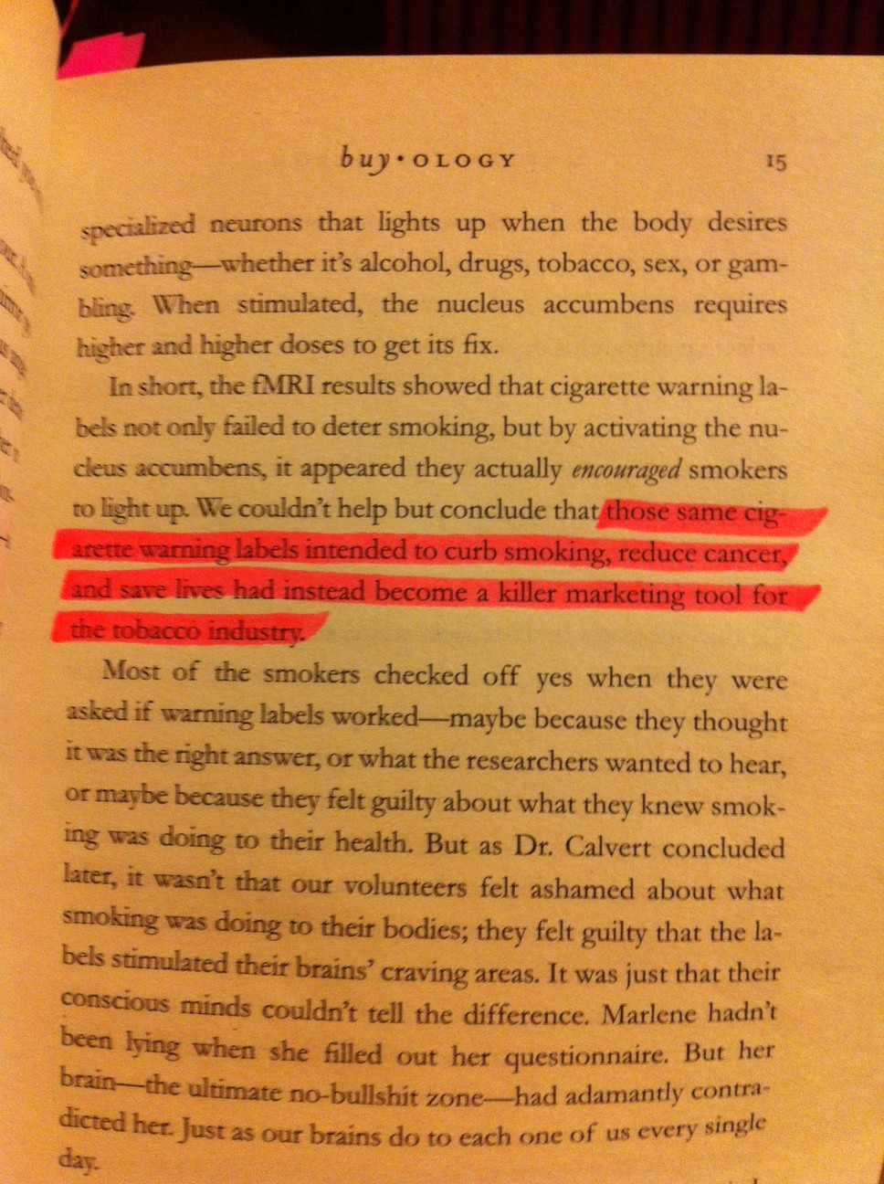 Şimdi başka bir araştırmaya geçelim. Neuromarketing araştırmasına[2].  Bu araştırma, katılımcılara anket doldurtup, daha sonra bu ankete verdikleri cevapları gösterilen görüntülere baktıklarında beyinlerinin ısınan bölgesi ile kıyaslayan bir deli araştırma. Katılımcılara şu soru soruluyor: “Sigara paketlerinin üzerindeki resimler sigara içme isteğinizi azaltıyor mu?” katılımcılar bu soruya evet diye cevap veriyorlar. Rasyonel beyin devrede, bu sorunun cevabı evet olmalı. Daha sonra aynı katılımcılara kafalarına beyinlerinin hangi bölgesinin ısındığını ölçecek cihazlar takılıyken bu resimleri gösteriyorlar. Bulgular inanılmaz: Isınan bölge kişilerin sigara istediği zaman ısınan  alanla aynı. Yani rasyonel aklınız ankette size sigara içmemi baskılıyor dedirtirken aslında bu resimler sizde tam ters etki yaratıyor, ve sigara içmek istemenize yol açıyor.
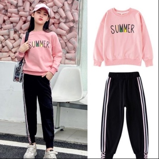 Bộ quần áo thu đông nỉ da cá "SUMMER" 13-45kg cho bé gái 4-14 tuổi. Xinh xắn, đáng yêu. G34
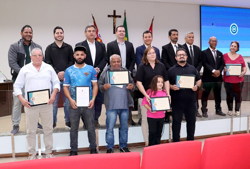 Evento realizado na noite do dia 20 de outubro oficializou a entrega de moções a funcionários públicos, estudantes, profissionais, atletas, esportistas e religiosos. As propostas, aprovadas por unanimidade pelos legisladores, são de autoria dos vereadores Luiz Aparecido Basso (PL), Clayton Robert Santos Barros (Clayton do Espetinho-Republicanos), José Silvanio da Silva Lucena (Pastor Silvanio Ceará-PP), Washington Luiz Pereira (Washington dos Vasos-PSDB), Marcos Gomes de Oliveira (Marcos do Gás-PL), e Sivaldo Elias (Sivaldo da Água-PP).
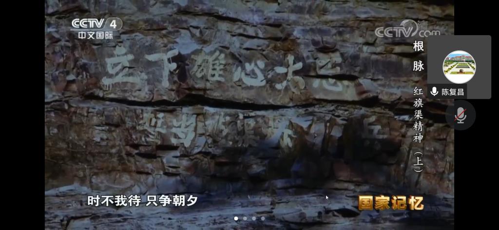 会上,学院党委书记陈复昌带领大家共同深入学习了习近平总书记视察安阳重要讲话精神,深刻领会“红旗渠就是纪念碑,记载了林县人不认命、不服输、敢于战天斗地的英雄气概。要用红旗渠精神教育人民特别是广大青少年,社会主义是拼出来、干出来、拿命换来的,不仅过去如此,新时代也是如此”、“红旗渠精神同延安精神是一脉相承的,是中华民族不可磨灭的历史记忆,永远震撼人心。年轻一代要继承和发扬吃苦耐劳、自力更生、艰苦奋斗的精神,摒弃骄娇二气,像我们的父辈一样把青春热血镌刻在历史的丰碑上”等重要论述。会上并观看了《国家记忆》栏目专题片《根脉——红旗渠精神》,深刻感悟红旗渠精神。
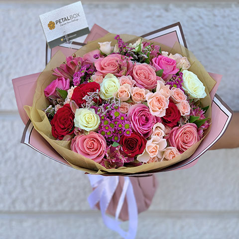 ورود مختلطة، سانتيني وردي، ألستروميريا، ورود بخاخة، ليمونيوم وردي، غلاف وردي خدود مع شريط أبيض الحجم الصغير :٢٥ قطعه الحجم الوسط : ٣٥ قطعه الحجم الكبير : ٤٥ قطعه
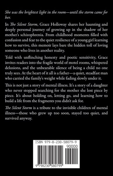 She was the brightest light in the room-until the storm came for her. In The Silent Storm, Grace Holloway shares her haunting and deeply personal journey of growing up in the shadow of her mother's schizophrenia. From childhood moments filled with confusion and fear to the quiet resilience of a young girl learning how to survive, this memoir lays bare the hidden toll of loving someone who lives in another reality. Told with unflinching honesty and poetic sensitivity, Grace invites readers into the fragile world of motel rooms, whispered delusions, and the unbearable silence of being a child no one truly sees. At the heart of it all is a father-a quiet, steadfast man who carried the family's weight while fading slowly under it. This is not just a story of mental illness. It's a story of a daughter who never stopped searching for the mother she lost piece by piece. It's about holding on, letting go, and learning how to build a life from the fragments you didn't ask for. The Silent Storm is a tribute to the invisible children of mental illness-those who grew up too soon, stayed too quiet, and survived anyway.
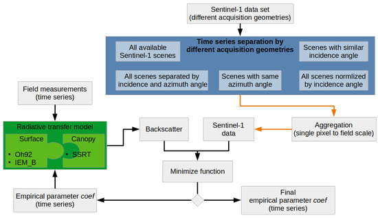 Figure 2 schematically explains the calibration approach from Weiß et al. [26] that was applied. Depending on the analysis approach, the images of the dense Sentinel-1 time series were separated into different subsets (blue box in Figure 2). An overview of the data subsets used is provided in Table 5. Additionally, variations due to diverse spatial aggregation scenarios of the Sentinel-1 backscatter were investigated. An overview of the analyzed aggregation scenarios is given in Table 6. For each (sub)set and each aggregation scenario, the empirical parameter is calibrated separately. Therefore, the sum of the squared difference between the modeled and measured VV-polarized backscatters were used as a minimization function to calibrate the parameter and thus the transmissivity T (see Equations (6) and (7)). In the end, a final time series for and thus a final RT modeled VV polarized radar backscatter time series was obtained.
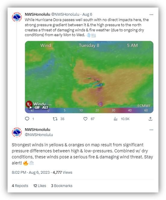 美国国家气象局公共事务主任苏珊·布坎南(Susan Buchanan)告诉法新社,该机构提前一周向当地官员发出了“夏威夷群岛危险的火灾天气状况”的警告,并在火灾开始前几天发布了官方警告。
========
**BRIEF:** Nothing but the lines above from the one that has "会上,学院党委书记陈复昌带领" down to the one that has "She was the" belongs in the answer, copied exactly, without pictures.

**ANSWER SECTION:**
 会上,学院党委书记陈复昌带领大家共同深入学习了习近平总书记视察安阳重要讲话精神,深刻领会“红旗渠就是纪念碑,记载了林县人不认命、不服输、敢于战天斗地的英雄气概。要用红旗渠精神教育人民特别是广大青少年,社会主义是拼出来、干出来、拿命换来的,不仅过去如此,新时代也是如此”、“红旗渠精神同延安精神是一脉相承的,是中华民族不可磨灭的历史记忆,永远震撼人心。年轻一代要继承和发扬吃苦耐劳、自力更生、艰苦奋斗的精神,摒弃骄娇二气,像我们的父辈一样把青春热血镌刻在历史的丰碑上”等重要论述。会上并观看了《国家记忆》栏目专题片《根脉——红旗渠精神》,深刻感悟红旗渠精神。
 ورود مختلطة، سانتيني وردي، ألستروميريا، ورود بخاخة، ليمونيوم وردي، غلاف وردي خدود مع شريط أبيض الحجم الصغير :٢٥ قطعه الحجم الوسط : ٣٥ قطعه الحجم الكبير : ٤٥ قطعه
 She was the brightest light in the room-until the storm came for her. In The Silent Storm, Grace Holloway shares her haunting and deeply personal journey of growing up in the shadow of her mother's schizophrenia. From childhood moments filled with confusion and fear to the quiet resilience of a young girl learning how to survive, this memoir lays bare the hidden toll of loving someone who lives in another reality. Told with unflinching honesty and poetic sensitivity, Grace invites readers into the fragile world of motel rooms, whispered delusions, and the unbearable silence of being a child no one truly sees. At the heart of it all is a father-a quiet, steadfast man who carried the family's weight while fading slowly under it. This is not just a story of mental illness. It's a story of a daughter who never stopped searching for the mother she lost piece by piece. It's about holding on, letting go, and learning how to build a life from the fragments you didn't ask for. The Silent Storm is a tribute to the invisible children of mental illness-those who grew up too soon, stayed too quiet, and survived anyway.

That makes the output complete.